This was Una’s belief:
– that nature, in the beginning, had crudely divided the human race into two genders, male and female. Men had cocks, women had cunts; that was that. Go forth and multiply, was all nature had to say on the subject.
– but that the cock/cunt divide was now obsolete. Sexual desire and procreation had separated themselves out. ‘Men’ could no longer be defined by cock, ‘women’ by cunt: there was a menu of permutations in between. Being hung with a penis, being split by a vagina, was arbitrary anyway. Personality was laid down at the moment of conception, said Una, according to the happenstance of combining intertwining, inherited genes. Gender comes later, she claimed: a matter of chromosomes; a flood of oestrogen, a flood of testosterone working in that base, nothing to do with us. Society continues to collude with nature, which is crude and barbaric, and determined we shall continue to multiply while we are equally determined not to; people grow miserable as they try to do as expected and force their sexuality in the direction of their hung-edness or otherwise. Forget it, says Una.
– she, Una, will set things right if she can; so that anyone could be everything; everyone, anything.
Una’s intention was to turn Lodestar House into a brothel. She was never one to waste an opportunity, and if that brothel was to be for the dead as well as the living, as Maria assured her it could be, so much the better. If Una’s reward could only be in the afterlife, and an enigmatic one at that, for the dead had no means of handing money over, what did Una care? Money was the least of her problems. She had accumulated more than enough over the decades, from the pockets of the guilty and the grateful. Una’s salvation after death was more to the point: it would be useful to have friends and influence people in the hereafter as well as here on earth. Maria did not discount it.
Though Una herself saw nothing to apologise for in her profession – and could argue well enough that she provided a useful social service, offering relief to the frustrated, mercy for wives, the saving of young women from the attacks of sex-starved strangers, and so on, the formal censure of society worried her. She wanted to make amends. She wanted, like anyone else, to be thought well of.
The living sought their contentment, their happiness, their fulfilment, their freedom from anxiety and guilt, through the ecstasies of the flesh.

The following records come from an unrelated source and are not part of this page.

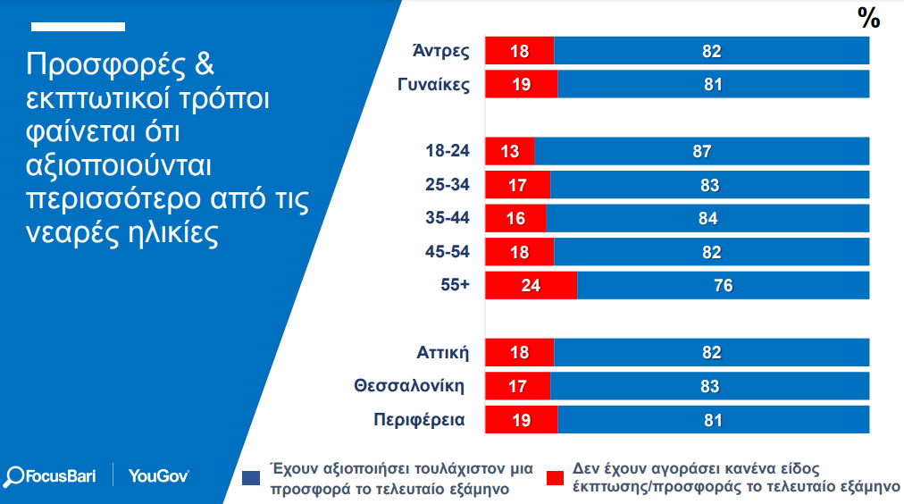 • Αντίστοιχη αναλογία δηλώνουν πως αναζητούν και προτιμούν τα είδη που είναι σε ειδικές προσφορές ή στις χαμηλότερες δυνατές τιμές, και…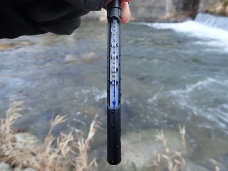 水温計を取り出して川の水温を測ってみると、表示は「4度」。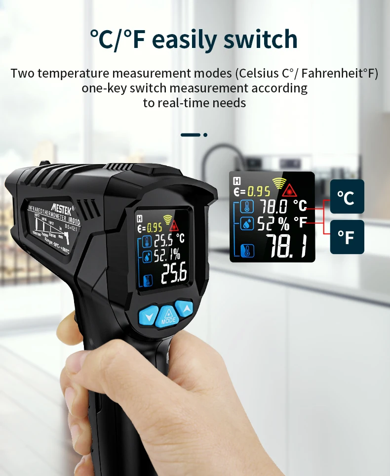 Два режима измерения температуры (по Цельсию C °/по Фаренгейту °F) измерение одним ключом в соответствии с потребностями в реальном времени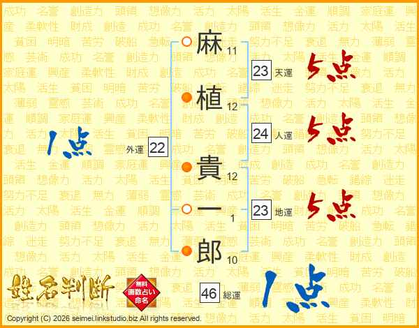 麻植貴一郎さんの天運は23画の5点!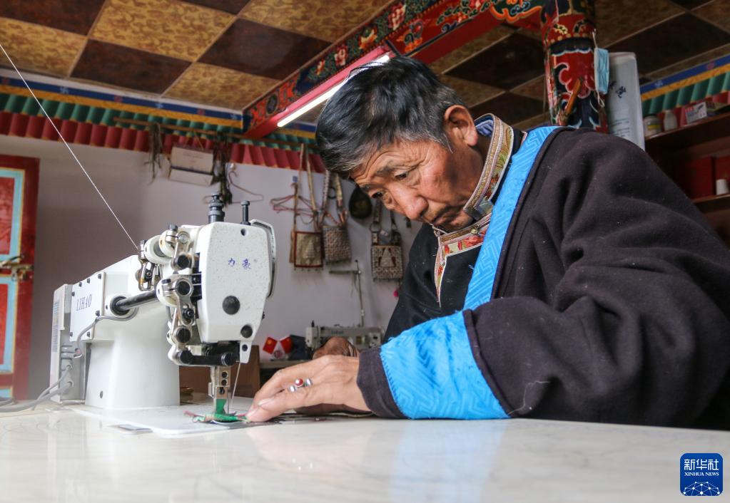 61歲的索朗群培回憶,他小時(shí)候見(jiàn)到村里的大人騎在有馬包的馬上,特別威風(fēng),讓他對(duì)制作馬包產(chǎn)生了濃厚興趣。21歲時(shí),他師從當(dāng)?shù)乩纤嚾硕嗖冀軐W(xué)習(xí)馬包制作技藝。如今,他已是林芝市第一批市級(jí)非物質(zhì)文化遺產(chǎn)項(xiàng)目中馬包手工制作技藝的傳承人。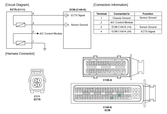 Проверка 1. Выключите зажигание. 2. Отсоедините разъем ECTS. 3. Удалите ECTS. 4. После погружения термистора датчика в охлаждающую жидкость двигателя измерьте сопротивление между ECTS...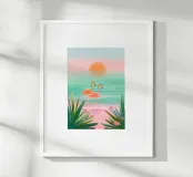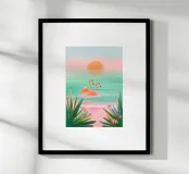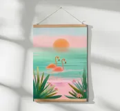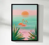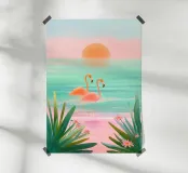 Sunset Bloom – Flamingos in a Blush Lagoon carta hahnemühle

‘But, Maria,’ protested Una, ‘isn’t it altogether too late for the dead? They have no flesh but only bones, and bones rubbing together create only a squeak and some fine white powder, and no observable pleasure.’

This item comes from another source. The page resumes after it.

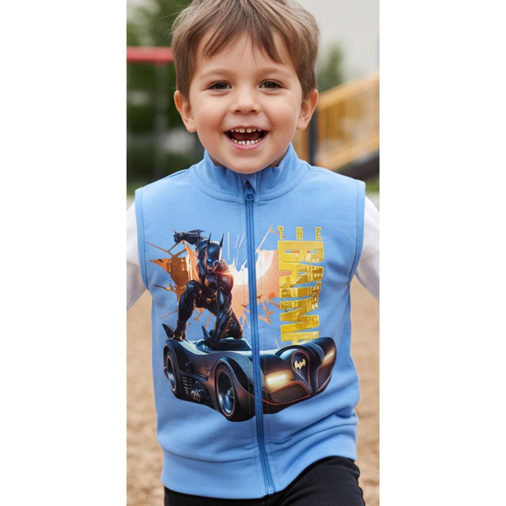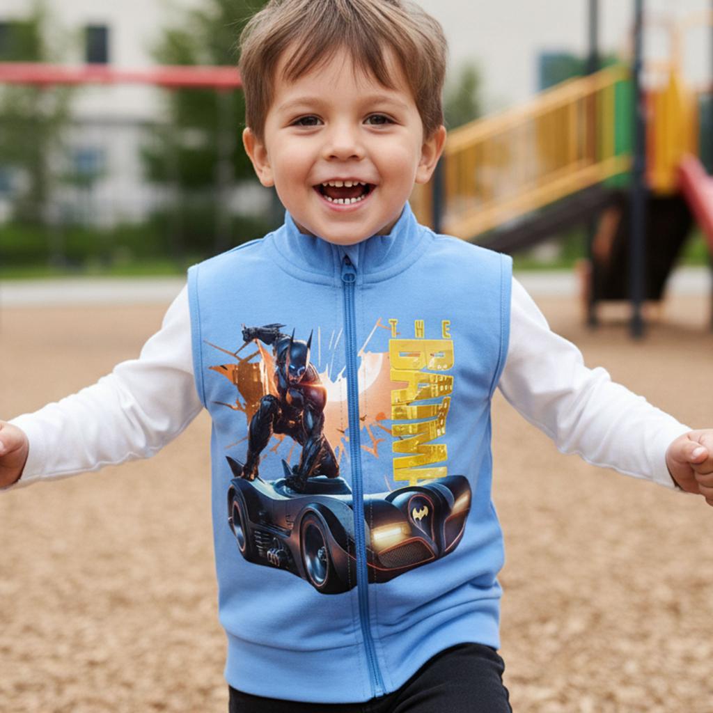 Лек, практичен и супер геройски! Този елек в тъмни тонове с впечатляваща визия на Батман е идеален за активни деца, които обичат движението и обожават да се чувстват специални. Стабилната предна част и мекият гръб осигуряват комфорт през целия ден, а модният силует позволява да се комбинира с всичко.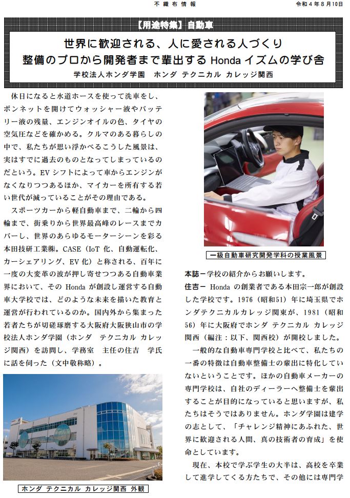 【取材(^^♪】専門誌へのホンダテクニカルカレッジ関西の取り上げ 2022.08.22 先日、業界専門誌(不織布業界の専門雑誌)の取材を受け、8月号に自動車業界特集ということで、自動車専門学校として唯一、ホンダテクニカルカレッジ関西の記事を掲載していただけることになりました。(#^^#) 記事の内容は、下図をクリックするとPDFで閲覧することができます。 世界に歓迎される人間を育成する。ホンダ学園の建学の精神です。

But Maria swore it was never too late; she was in contact with the dead; they’d told her otherwise. Their pleasures were voyeuristic, but real enough. The dead were always present anyway, Maria swore, whenever the living fucked. That was their treat. The living should accordingly join in fleshly congress as much as possible; a notion that suited Una. The little death of orgasm acted as a kind of one-way presentation brothel mirror: on the one side the observers, the dead; on the other the observed, the living, at their most alive, their most powerful at the moment of orgasm, always a magnet for the dead. The air chattered with their presence at such times, but who ever noticed?

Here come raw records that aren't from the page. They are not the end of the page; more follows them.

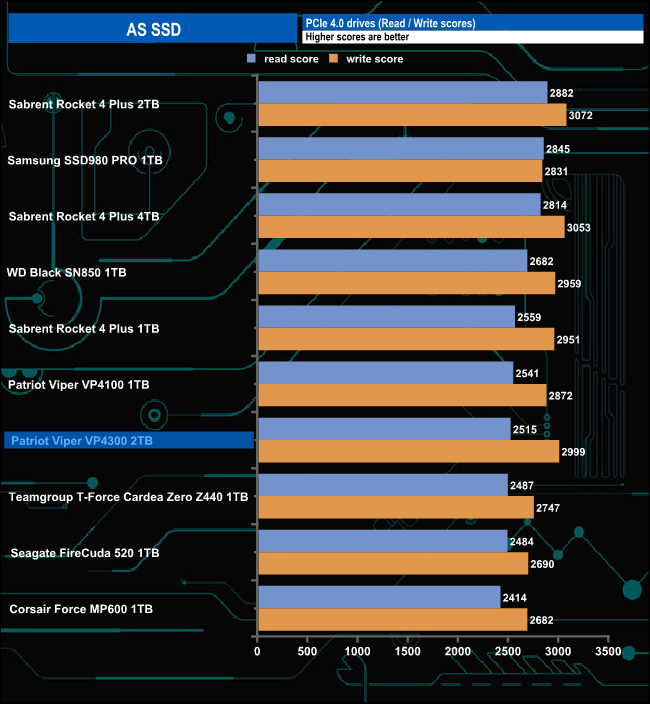 The ASSSD benchmark read score of 2515 is only good enough to put the Viper VP4300 in the bottom half of our result chart. However, its write score of 2999 is the third-fastest we've seen to date for a Gen4 drive.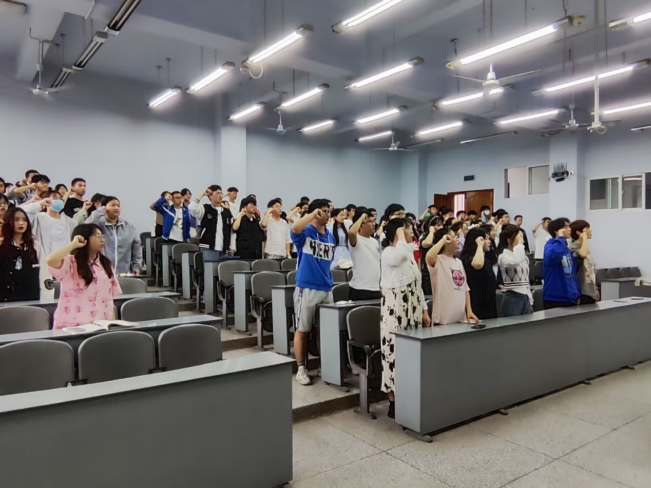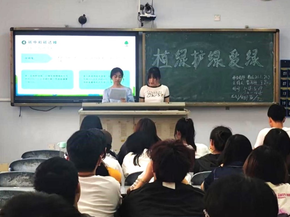 活动在激昂的团歌中拉开序幕。随后,各班团支书组织同学们一起学习“生态优先、绿色发展”之路,“五位一体”总体布局,人与自然和谐共生的基本方略。大家纷纷结合自身经历畅谈学习体会,大家共同发出“保护环境,人人有责”的庄严口号。在本次团日活动中,同学们相继学习了人与自然和谐共生,生态优先、绿色发展,生物多样性,以及碳中和碳达峰的相关知识,同时也深刻理解了爱护环境的重要性。会后,由主持人带领大家重温入团誓词。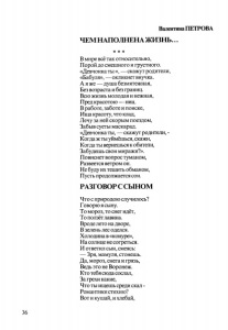 ВалентинаПЕТРОВА ЧЕМНАПОЛНЕНАЖИЗНЬ... * * * Вмире всё так относительно, Порой до смешного и грустного. «Девчонка ты «, — скажут родители, «Бабуля», — окликнет внучка. А я же — душа безмятежная, Без возраста и без границ. Всю жизнь молодая и нежная, Пред красотою —ниц. В работе, заботе и поиске, Ища красоту, что клад, Лечу за ней скорым поездом, Забыв суеты маскарад. «Девчонка ты, — скажут родители, - Когда ж ты уймёшься, скажи, Когда ты вернешься к обители, Забудешь свои миражи?». Повиснет вопрос туманом, Развеется ветром он. Не буду их тешить обманом, Пусть продолжается сон. РАЗГОВОРССЫНОМ Что с природою случилось? Говорю я сыну. То мороз, то снег идёт, То ползётлавина. Вроде лето на дворе, В зелень лес оделся. Холодина в «конуре», На солнце не согреться. И ответил сын, смеясь: — Зря, мамуля, стонешь. Да, мороз, снега и грязь, Ведь это не Воронеж. Кто тебя сюда сослал, За грехи какие, Что ты ищешь среди скал - Романтики стихию? Вот и кушай, и хлебай, 36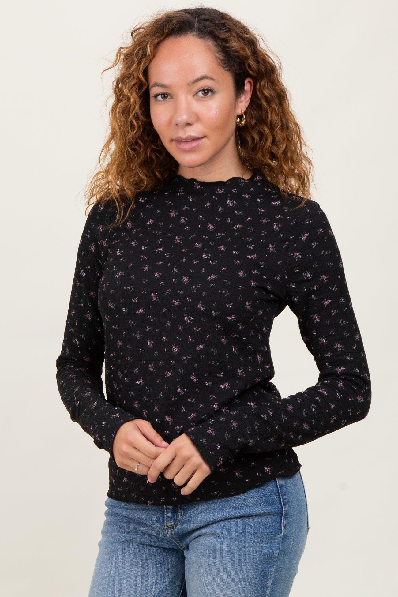 Stay stylish and comfortable throughout your pregnancy with our Black Floral Crinkled Texture High Neck Maternity Long Sleeve top. Featuring a delicate all-over floral print on a soft crinkled fabric, this top offers a flattering high neck design and gentle stretch to accommodate your growing bump. The long sleeves provide extra coverage for cooler days, while the fitted silhouette ensures you feel both cozy and chic. Perfect for everyday wear or dressed up for special occasions, this maternity top is a versatile addition to your maternity wardrobe. Pair it with your favorite jeans or leggings for effortless pregnancy style.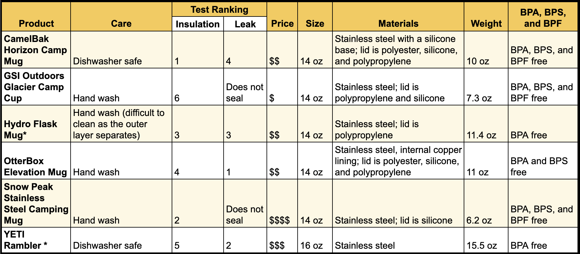 Finally, I confirmed with each manufacturer the material used in the camping mug, as well as whether these materials were BPA, BPF, and BPS free.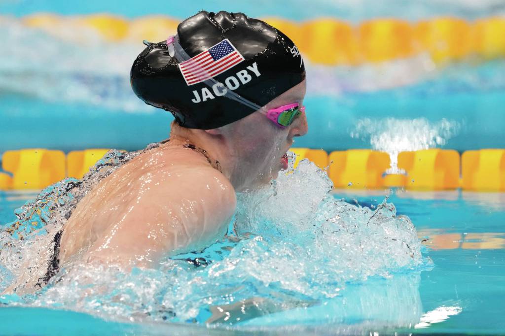 Jacoby finished with a time of 1 minute, 4.95 seconds, beating both the Olympic record holder from South Africa, Tatjana Schoenmaker (1:05.22), and the world record holder and two-time Olympic gold medalist from Team USA, Lilly King (1:05.54).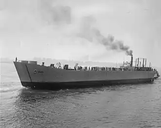 ![]() USS LST-446, launching at Kaiser Shipyards, Vancouver, Washington, 18 September 1942. The pilothouse and smoke stack belong to the paddle-wheel tug at the LSTs stern. | |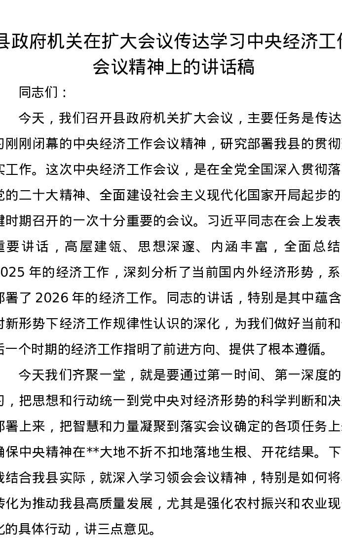 县政府机关在扩大会议传达学习中央经济工作会议精神上的讲话稿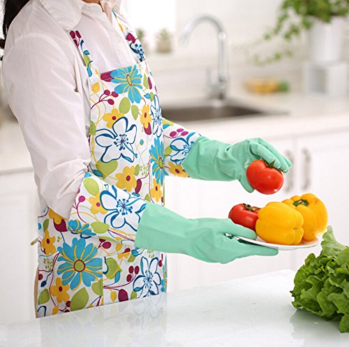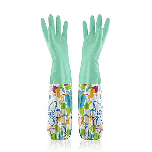 Ewandastore Long Sleeve Floral Flower Gloves Latex Gloves Dishwashing Gloves Household Housework Gloves Water Stop Laundry Rubber Gloves Cleaning Gloves,Free Size,Thin,Green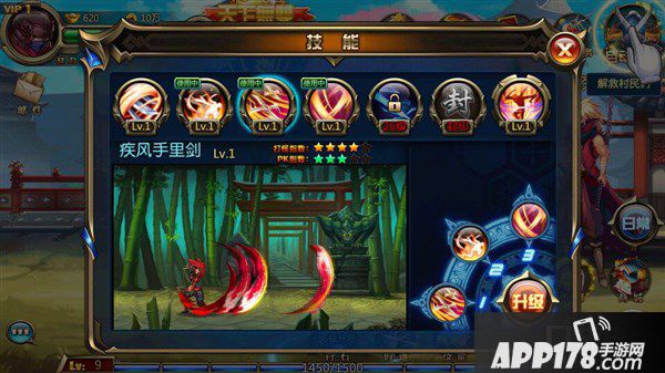 疾风手里剑:向前投掷三段手里剑,可远距离攻击前方敌人;打怪指数4颗星,PK指数3颗星;冷却时间7秒,攻击次数4次,造成精神消耗22MP。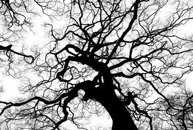 Keywords: tree silhouette branches tall high canopy top tree top black white monochrome branch nature forest ecology plant single

Lodestar House, Maria claimed, was alive with opportunistic ghosts. Oscar, Violet, Wendy, Congo; and Maria reported sighting a skinny man who looked like an executioner, and another who seemed to be a pirate, a Tinkerbell-lookalike – but probably vicious – little fairy; just outside the side door crouched a line of Bedouins. ‘You’re deranged,’ said Una. ‘You’re over the top,’ but Maria just shrugged, and said it made no difference to her whether anyone believed her or not, and it made no difference to the ghosts either.